| HN Mirror

Y	Hacker News new \| ask \| show \| jobs

by alextp 5149 days ago

Mapreduce as a concept goes beyond lisp implementations. On the surface it might seem like the point of mapreduce is expressing computations in terms of map and reduce functions. It isn't.

The point of mapreduce is reducing the problem of high-throughput fault-tolerant distributed systems to a very efficient and reliable distributed sorting algorithm (the shuffle phase, which is implemented by the implementations of mapreduce and not by the user code). If you can express all synchronization in your algorithm in terms of sorting, then whatever you do before sorting (map) or after it (reduce) is kind of trivial, as the hard part is taken care of by the framework.

This abstraction is novel, and profoundly useful, and that's the point of mapreduce, not so much the actual map() and reduce() functions.

1 comments

fa_il 5149 days ago

Sorry, but applying an old concept to a new problem (actually just new buzzwords... it's only the size of the problem that's new) does not make a "novel" solution. Moreover, it's an obvious solution. But I guess that depends on who is doing the programming.

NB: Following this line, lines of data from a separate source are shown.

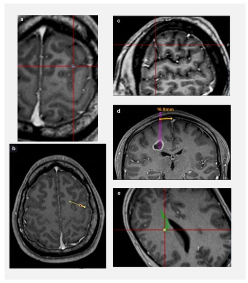 - Elias, W.J.; Sansur, C.A.; Frysinger, R.C. Sulcal and ventricular trajectories in stereotactic surgery. J. Neurosurg. 2009, 110, 201–207. [Google Scholar] [CrossRef] [PubMed]
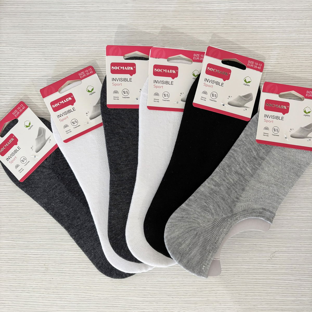 Incluye media docena de medias invisibles colores surtidos entre negros, blancos y grises.
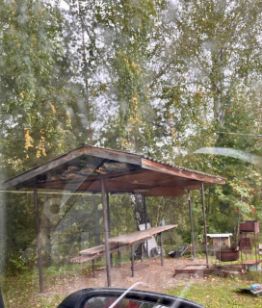 Рядом с участком установлена беседка (мангальная зона) и удобное парковочное место для нескольких автомобилей.
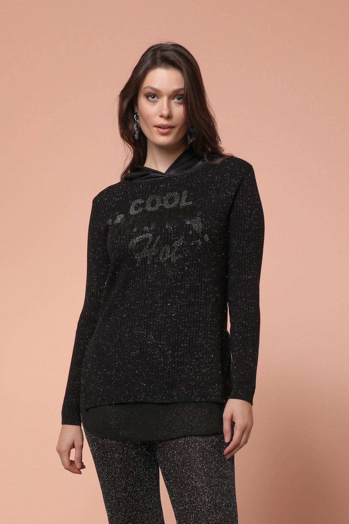 KAPİŞON DETAYLI BLUZ SİYAH (MK2250021387)
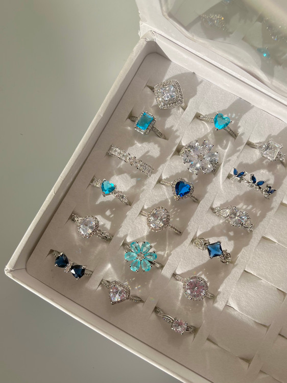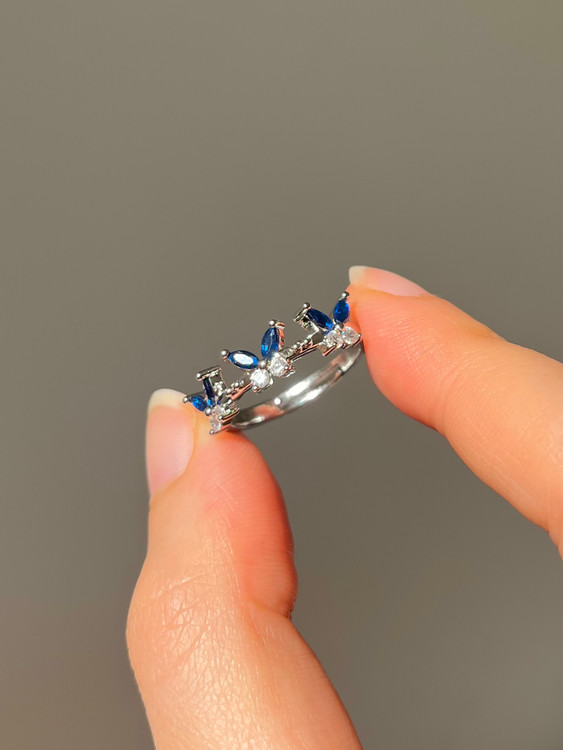 انگشتر جواهری آبی و سفید

I would love to see how programmers with large clusters at their disposal were approaching large datasets before the moment they realized splitting the task into smaller pieces was what they should do.

alextp 5148 days ago

It's not about splitting the task into smaller pieces. It's about factoring out the parts of the task that need synchronization among all machines into one specific subroutine (groupBy) which makes mapreduce so powerful.

If you speak with people experienced in multithreaded and distributed programming you will see that synchronization with fault-tolerance is _hard_, and mapreduce provides a widely-applicable set of sufficient conditions for an algorithm to be executable with implicit fault-tolerance and implicit synchronization.

Without mapreduce-like abstractions eveyr piece of software has to be responsible for its own (1) checkpointing (to recover from errors), (2) checksumming (to ensure that no errors happened), and (3) distributed communication (to make sure the global state becomes global and the local state becomes local).